In their 2012 annual report, the company had incurred about $94 million associated with the breach incident. A little over one-third or $35 million represented “total fraud losses, fines and other charges that will be imposed upon us”. The facts about this breach are a little sketchy. Experts believe that though this card processor publicly reported the incident in early 2012, the hackers may have entered their servers in June 2011. In other words, there was plenty of time for a lot of false credit card charges to pile up–that may explain the high fraud expenses.

There’s also a $60 million expense for “professional fees and other costs” associated with investigation and remediation, business partners payments, and credit monitoring.  To understand that last category, check out my post on the national credit reporting agencies that maintain consumer credit information.

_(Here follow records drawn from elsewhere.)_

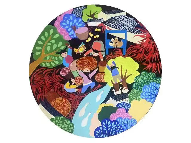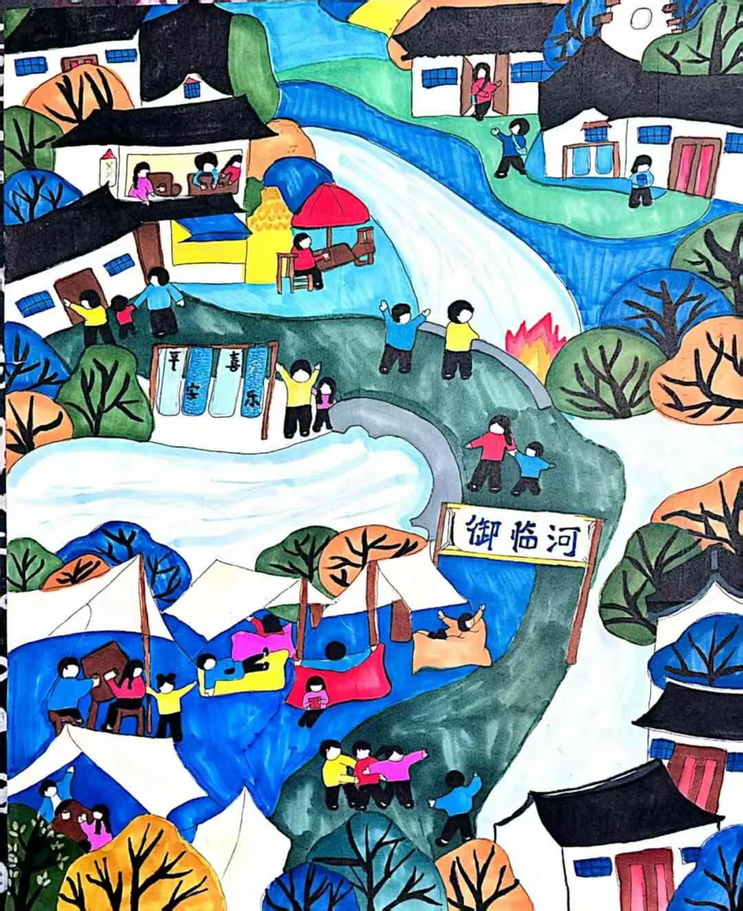 作品简介:这幅画作围绕“共饮一江水,共建幸福河”主题,生动呈现了御临河畔的美好生活场景。河水蜿蜒,穿村而过,赋予村庄灵动与生机。河边,人们或是惬意露营,或是自在活动 ,屋内亦有温馨相聚的画面。 色彩明快丰富,展现出河流滋养下的幸福生活,同时也呼吁大家携手守护御临河,维护这份美好,让幸福之河长流不息。
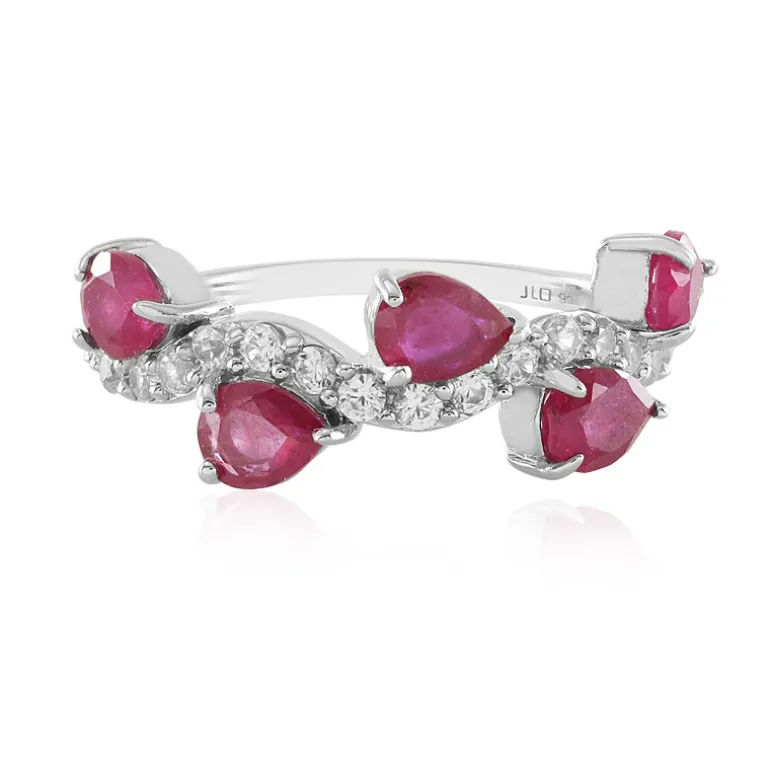 Entdecken Sie die Anziehungskraft unseres Silberrings mit Madagaskar-Rubin, der mit fünf Rubinen im Tropfenschliff mit einem Gesamtgewicht von 1,963 ct und 17 funkelnden Zirkonen im Rundschliff aus Kambodscha mit einem Gesamtgewicht von 0,534 ct besetzt ist. Der Ring ist aus platiniertem 925er Sterlingsilber gefertigt, wiegt etwa 2,4 Gramm und hat ein Gesamtkaratgewicht von 2,497 ct. Die Abmessungen des Rings betragen 23 x 21 mm und verleihen ihm eine ausgewogene Eleganz. Dieses Schmuckstück eignet sich perfekt für besondere Anlässe oder als Farbtupfer im Alltag und sorgt für Gesprächsstoff.
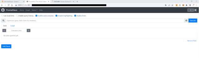 先ほどdocker-compose.ymlでnginx-proxyにprometheus関連のコンテナを追加したので、ホスト名prometheusでアクセスできます。
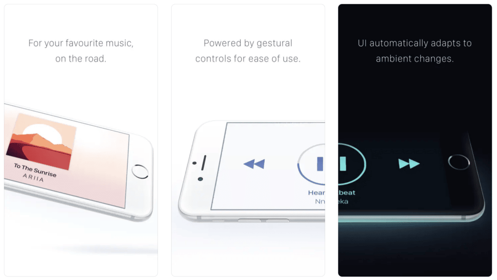 ARIIA is an iOS music player app with a clean interface and design. Unlike other apps, ARIIA is optimized for listening to music on the go. The app detects changes in the environment and adjusts its interface accordingly during daytime and nighttime driving. ARIIA has been designed for gestural interaction, taking into account potentially hazardous road conditions.
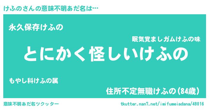 | 胡散臭い通販商品みたいなあだ名 | 『伝統あるサプリメント…その名も「けふの」』 |
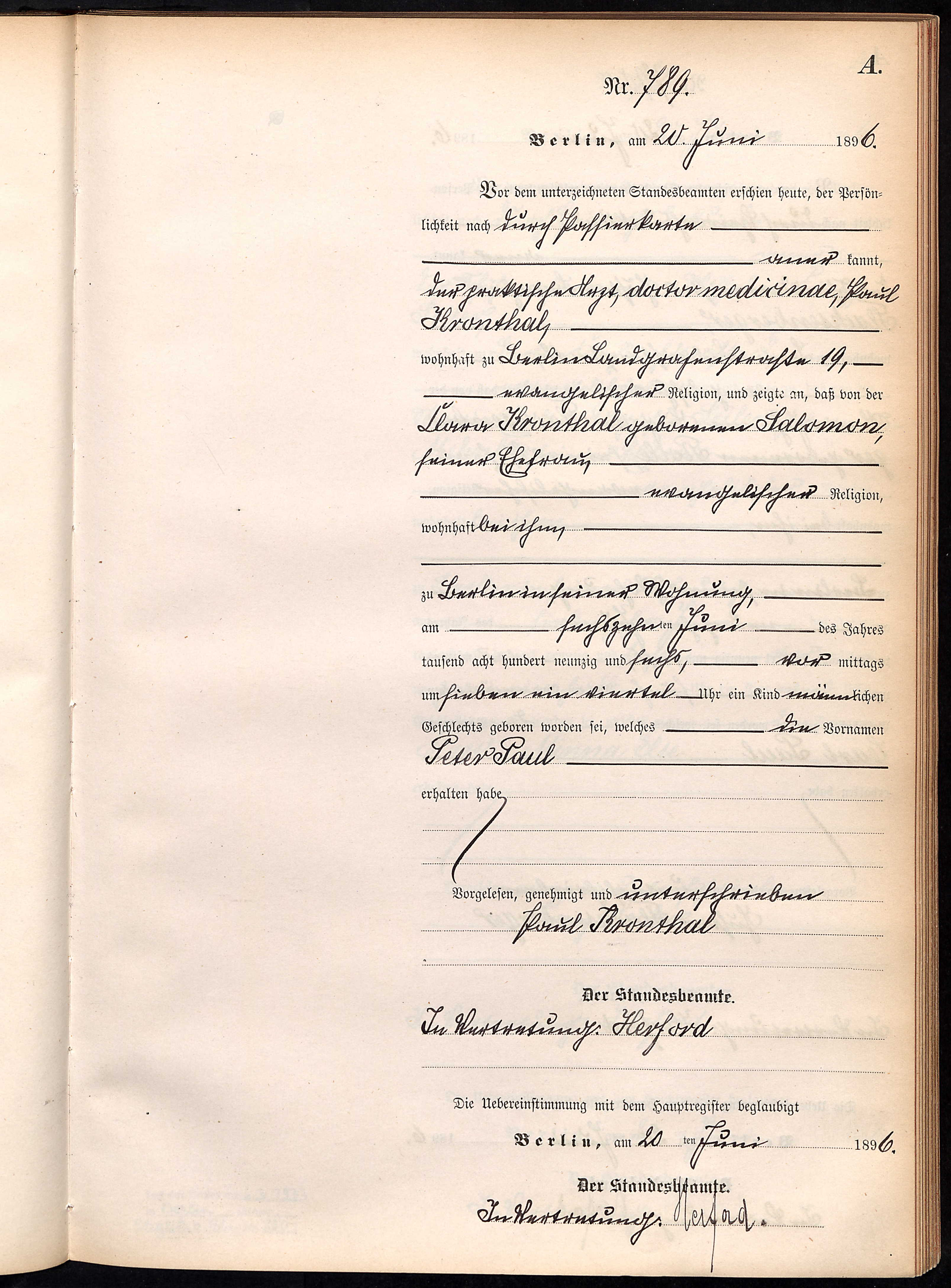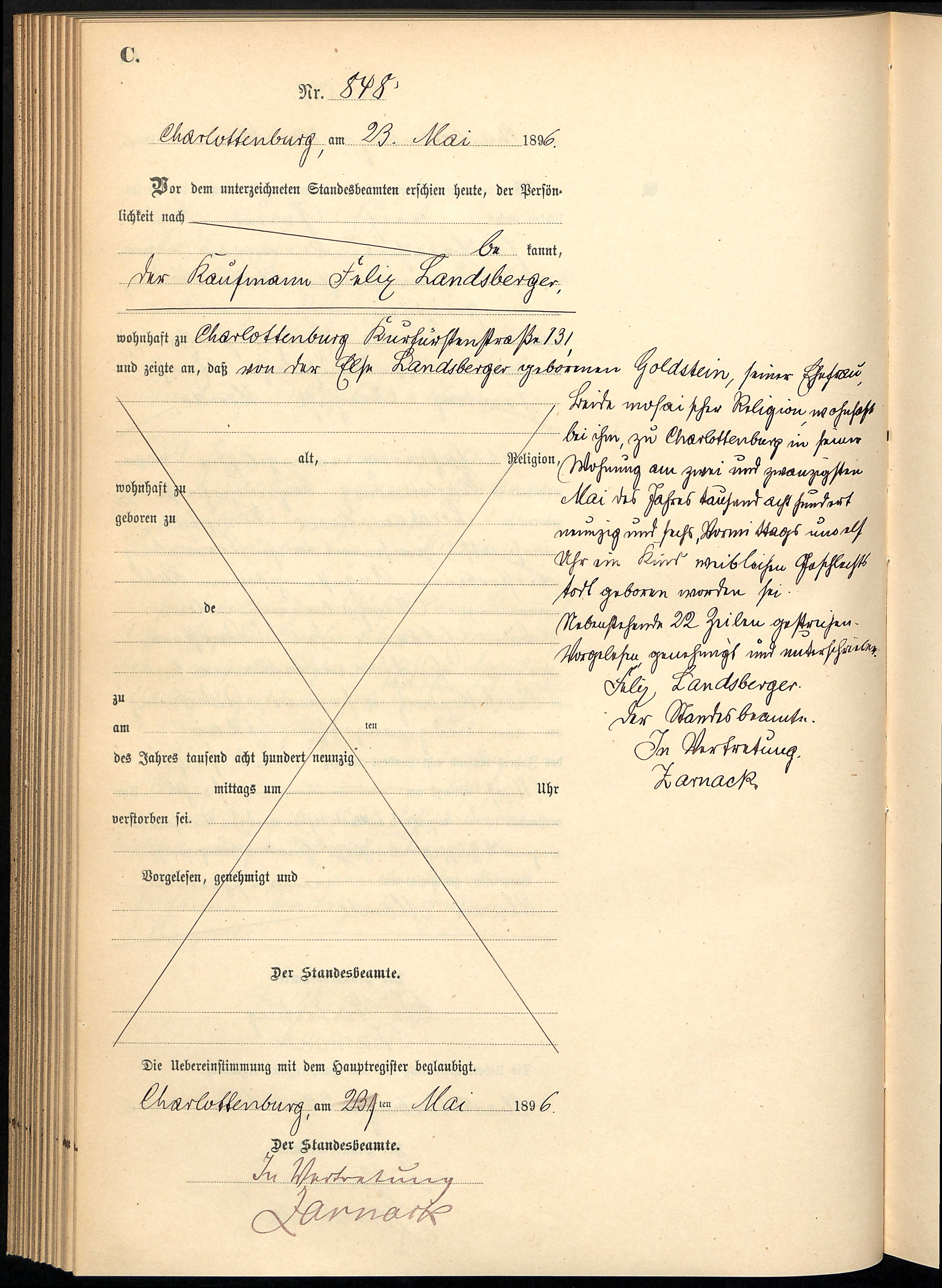 [stillborn daughter] Landsberger (22.05.1896 – 22.05.1896)

When a consumer suspects identify theft, the law says she can put a hold on her information so that creditors are alerted that an identity theft incident is in progress. With a large breach, a company will pay for a service that freezes millions of reports and monitors unusual activity—e.g., change of address or new accounts based on existing credit information. It’s another expense that needs to be considered in the intrusion cost equation.

What about legal costs and law suits? To get a feeling for how enormous this can be, I went back to look at one of the worst breaches of 2007. That year a major retailer reported the theft of 45 million customer records. It can be challenging to get an exact accounting of all legal expenses in corporate financial reports, and in this particular case the costs were expensed over several years.

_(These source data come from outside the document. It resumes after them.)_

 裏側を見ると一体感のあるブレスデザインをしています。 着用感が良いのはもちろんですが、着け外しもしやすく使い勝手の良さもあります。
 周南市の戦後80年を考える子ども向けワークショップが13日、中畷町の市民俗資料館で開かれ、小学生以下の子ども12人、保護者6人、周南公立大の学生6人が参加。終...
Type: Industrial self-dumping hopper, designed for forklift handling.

But here’s what we do know. In their 2007 annual report, executives told investors they established a pre-tax reserve of almost $200 million to cover all their breach liabilities–with most of this amount dedicated to legal-related matters.

There are too many suits for me to cover in such a short post. But the retailer settled a class action suit with the credit card companies, who had to re-issue millions of new accounts to their customers. There were also several class-action suits pending with one based on the Fair and Accurate Credit Transaction Act (FACTA), which covers data protection and privacy of consumer credit information. At the time of the annual report, several attorneys general were investigating whether the retailer violated state consumer protection laws. And the FTC was involved and examining whether other federal laws were violated.

There are some well publicized numbers for the total cost of a breach —about $200 per record. This includes indirect costs, such as loss of customers, brand damage, loss of employee productivity, and other intangibles. When I looked at direct costs—legal, remediation, administrative, etc.—the amounts were more in line with the breach cost data I covered in this post, say, between  $4 to $10 per record.

Even if you find the indirect costs a bit of stretch, the direct costs alone, especially for large companies, should make executives think more strategically about paying to protect their data. After all, a file with one million account numbers may end up costing $10 million—a lot of money to pay for poorly configured file permissions!